As networks evolve, the positive effect of transitivity on cooperation innovation increases.

2.2.2. Status and Cooperative Innovation

In addition to closed triadic relationships resulting in an increase in network connections, status effects can influence the evolution of cooperative innovation networks [85]. The more central the entity’s status in the network, the greater the number of connections they maintain with other members or the more frequently they feature in the path of other connections [86,87]. More importantly, because of their extensive connections, they dominate the dynamics of the entire network interaction activities, such as the types, objects, and frequencies of knowledge exchanges [88]. These focal actors contribute substantially to the advancement and innovation performance of the network.

Social network analysis suggests that network status plays a crucial role in determining the connections with which entities choose to link. Status reflects the perceived quality of the actors, with a noteworthy status suggesting a considerable degree of expertise and reputation [89]. Network actors tend to collaborate with individuals of superior status [85]. In the early stages of network development, actors operating under resource constraints often experience limitations in their observational capabilities. This restricts their ability to gather and accumulate credible information about other network members. In this instance, establishing connections with central enterprises emerges as a strategic decision. Firstly, the network status effect can significantly streamline the process of identifying partners, thereby reducing search costs. Secondly, cooperative engagement with reputable actors may serve as a strong indication of quality. Consequently, in order to gain network legitimacy, individuals within a network are incentivized to form connections with enterprises that hold central positions [90]. Lastly, obtaining contact with higher-status actors can help them attract more attention. This, in turn, can facilitate the expansion of their relationship network [44].

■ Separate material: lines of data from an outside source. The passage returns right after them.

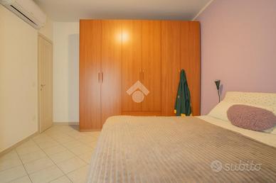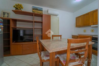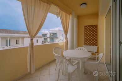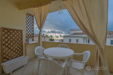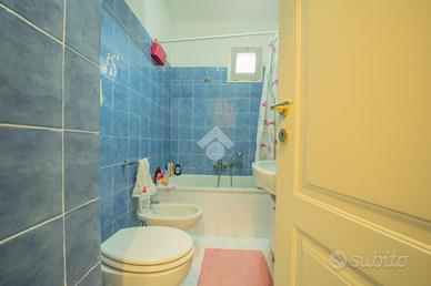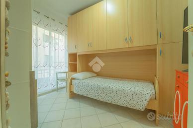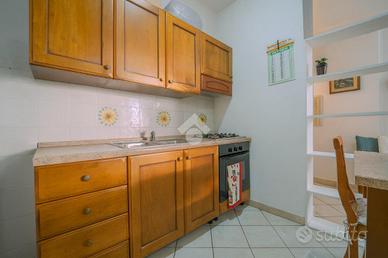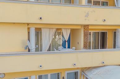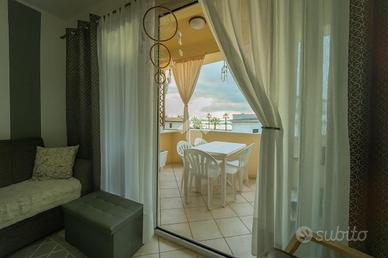 Questo primo piano sviluppato su unico livello possiede la metratura tipica della casa da mare, con un ingresso che accoglie su una luminosa sala con angolo cottura a vista e terrazzo con vista suggestiva sul mare dove è possibile mangiare in assoluta riservatezza con amici e parenti. Dal disimpegno si accede alla zona notte dove sono presenti 2 stanze da letto di cui una matrimoniale con balcone che prospetta sul lato opposto all'ingresso e seconda camera anch'essa dotata di balconcino. Completa l'interno un bagno finestrato con vasca. Importante inoltre la presenza di una cantina compresa assieme all'appartamento posta al piano seminterrato e accessibile direttamente dall'interno tramite scala o ascensore.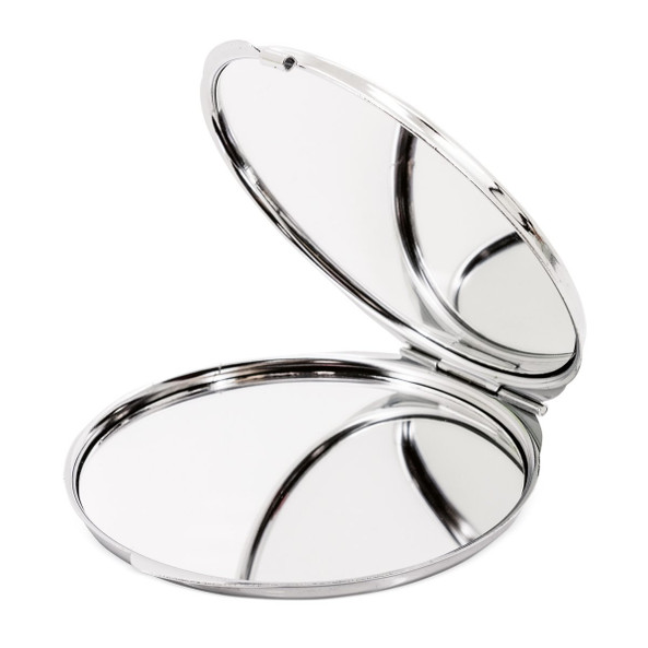 Specchietto rotondo, in ferro zincato, fornito con lamina metallica per la sublimazione.
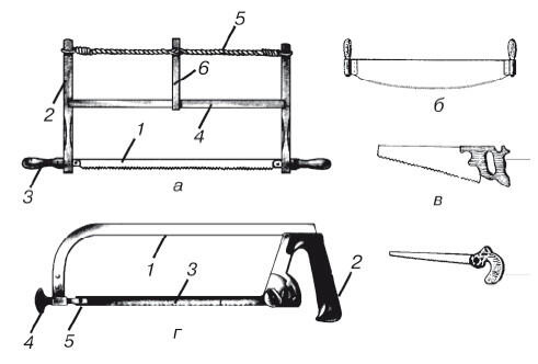а лучковая с деревянным лучком(1 пильное полотно; 2 стойка; 3ручка; 4распорка; 5 тетива; 6закрутка); б поперечная двуручная; в ножовая (ножовка) обычная и узкая; г ножовка по металлу(1 металлический станок (дуга, скоба); 2ручка; 3 пильное полотно;4 натяжной винт; 5 штифт для крепления полотна)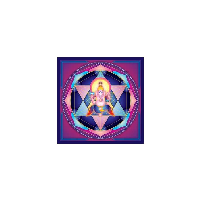 At the center of this mesmerizing design sits Ganesh, the guardian of thresholds and the destroyer of obstacles. He is framed within an intricate mandala of vivid blues, purples, and pinks, representing balance, wisdom, and divine energy. Sacred geometry elements form a radiant backdrop that enhances the spiritual resonance of the image, promoting harmony and focused intention.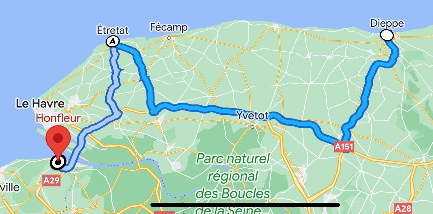 さて、前回はフェリーでイギリスのニューヘイブンからフランスのDieppe(ディエップ)までの快適なフェリーの旅をご紹介しました。2日目はディエップでレンタカーを借りて、フランス人の友人のおすすめのEtretat(エトルタ)でランチと海岸の景色を楽しみ、宿泊予定のHonfleur(オンフルール)へと向かいます。ドライブ時間はディエップからエトルタが1時間半ほど、そしてエトルタからオンフルールが1時間弱といったところです。
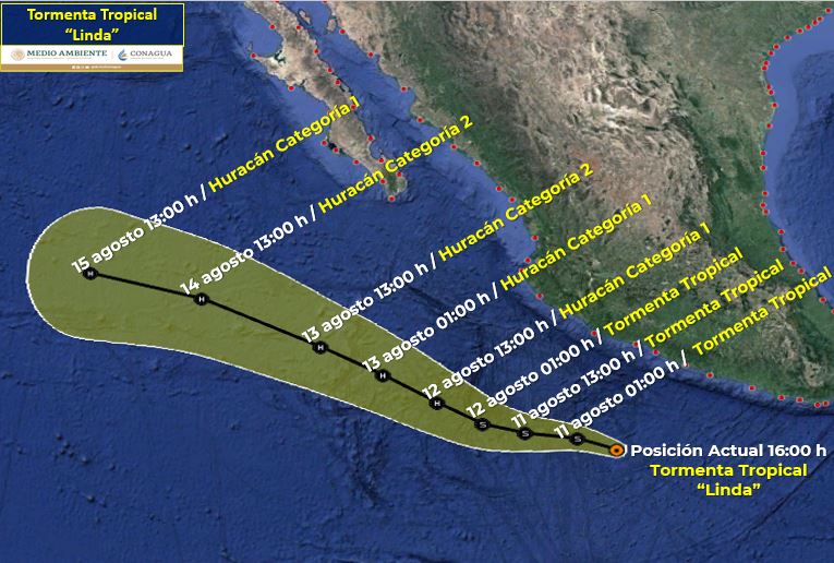 Se ubica a 755 kilómetros al oeste-suroeste de Cabo San Lucas, Baja California Sur con vientos sostenidos de 75 kilómetros por hora y rachas de 95 kilómetros por hora.

To reap the benefits of member clustering, a number of new actors may emerge during the growth phase of a network [91]. At this stage, they may be deficient in comprehensive information about other companies within the competitive environment. The scale of the network may also hinder the precise identification of all potential collaborators. To integrate into cooperative activities efficiently and exhibit strengths, status becomes a valid criterion for establishing network connections [28]. However, after a certain period of engagement, the transparency of member information improves. The role of network status as a reliability indicator is weakened when actors develop cooperative partnerships [30]. Moreover, with the evolution of the network, entities engaging in innovation activities increasingly explore more complex domains. This complexity necessitates the integration of a diverse array of heterogeneous knowledge to effectively overcome technological bottlenecks. It is more probable for actors to diversify innovative collaborations emanating from the network periphery, as opposed to solely depending on central enterprises [92]. Therefore, we hypothesize that

H2: 

As networks evolve, the positive effect of status on cooperation innovation first increases and then reduces.

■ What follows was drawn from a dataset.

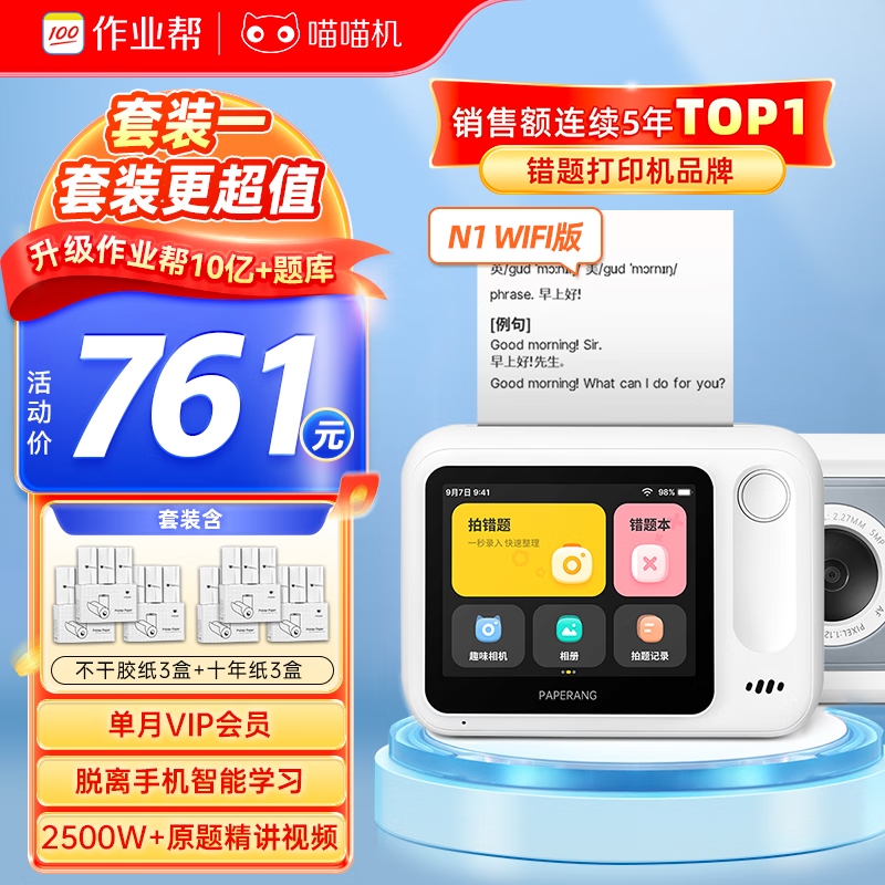 喵喵机N1 作业帮学生错题整理神器家用热敏脱离手机可触屏智能学习错题打印机 WIFI版(套餐一)价格:761.00元!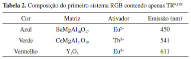 APLICAÇÕES Materiais constituídos de TR são cruciais em muitas tecnologias modernas, como smartphones, televisores e monitores, discos rígidos, veículos híbridos e elétricos e muitos outros. A indústria de TR beneficia a economia em todo o mundo com sua extensa cadeia de fornecimento e aplicações. Suas propriedades magnéticas,2,3 catalíticas,27-29,75,76 e ópticas77 as tornam aplicáveis em diferentes e variados campos.78-80 Em particular, suas propriedades luminescentes, conferidas pelas intensas e estreitas bandas de emissão, resultantes de transições do tipo f-f, geram cores específicas em dispositivos luminescentes.81,82 Assim, materiais luminescentes contendo terras raras possuem extensa aplicação em dispositivos de iluminação, como displays emissores e lâmpadas fluorescentes,83,84 sendo extensamente processados na forma de luminóforos de estado sólido,85-99 materiais híbridos e compostos de coordenação,100-108 vidros,109-114 híbridos magnéticos-luminescentes,115,116 entre muitos outros. Além disso, a utilização de ferramentas teóricas para a descrição da luminescência de lantanídeos é extremamente útil para o aprimoramento e adaptação das propriedades observadas.117-121 O número crescente de aplicações industriais com elementos de terras raras despertou o interesse em novas tecnologias de extração via fontes alternativas.122-128 Embora as propriedades luminescentes dos compostos de TR fossem conhecidas desde o final do século XIX e início do século XIX, o primeiro composto usado contendo terras raras foi o vanadato de ítrio dopado com európio(III), emissor vermelho.9 No final da década de 1960, os fosfatos de estrôncio dopados com Eu2+ eram utilizados como emissores azuis. Os emissores verdes que utilizavam o íon térbio(III) surgiram na década de 1970, quando a Philips introduziu o primeiro sistema baseados nas três cores primárias, vermelho, verde e azul (RGB), contendo apenas compostos de TR, conforme ilustrado na Tabela 2.9,129

2.3. Stakeholder Governance Mechanisms and Cooperative Innovation

In addition to uncovering the internal endogenous principles that shape the evolution of cooperative innovation networks, we consider the governing effect of two key external stakeholders: industry associations and governments. As for the effect of the former, association autonomy is the governance mechanism by which network members organize collective behavior and coordinate multilateral relationships. This is achieved through the spontaneous establishment of industry associations or chambers of commerce, which operate based on common consultation principles [17,18,93]. As regards the government, the logic of its engagement in cooperative innovation is that it uses its legal power to implement industrial development policies and establish institutional environments [60,94]. Industrial policy support constitutes a strategic framework, which the government implements within a certain period in order to realize development goals and upgrade industrial chains [36,58,95]. In addition, the government establishes the external institutional environment for enterprise competition and cooperation. The institutional environment refers to a series of fundamental political, social, and legal rules that establish the basis for production, exchange, and distribution [56].

2.3.1. Association Autonomy and Cooperation Innovation

Enterprises attempt to engage in collective actions to gather resources with other actors to obtain market benefits, particularly in complex technology development contexts [96]. Nonetheless, the sustainability of their collective actions is influenced by issues such as the presence of discrepancies in interest claims. In this context, industry associations, as organizations dedicated to nurturing collaboration, can assume a pivotal role. Firstly, these associations emphasize the shared identity among members through self-initiated common agreements, which define and promote common interests [97]. Through collaboration, members benefit from the use of collective resources to promote market growth [98,99]. Secondly, industrial associations facilitate member interactions to foster the development of cooperative relationships. This goal is accomplished through formal or informal knowledge-sharing activities, which involve the exchange of ideas, rules, and customs [23]. Frequent interactions allow members to gain a comprehensive understanding of each other. This comprehension can mitigate the potential moral risks associated with information asymmetry [48]. Thirdly, associations possess extensive industry-specific information, including critical market intelligence and information on market dynamics, which may not be readily accessible from public sources [100,101]. Thus, they act as intermediaries for information transmission, which results in the establishment of networks of multilateral connections among members [63,102].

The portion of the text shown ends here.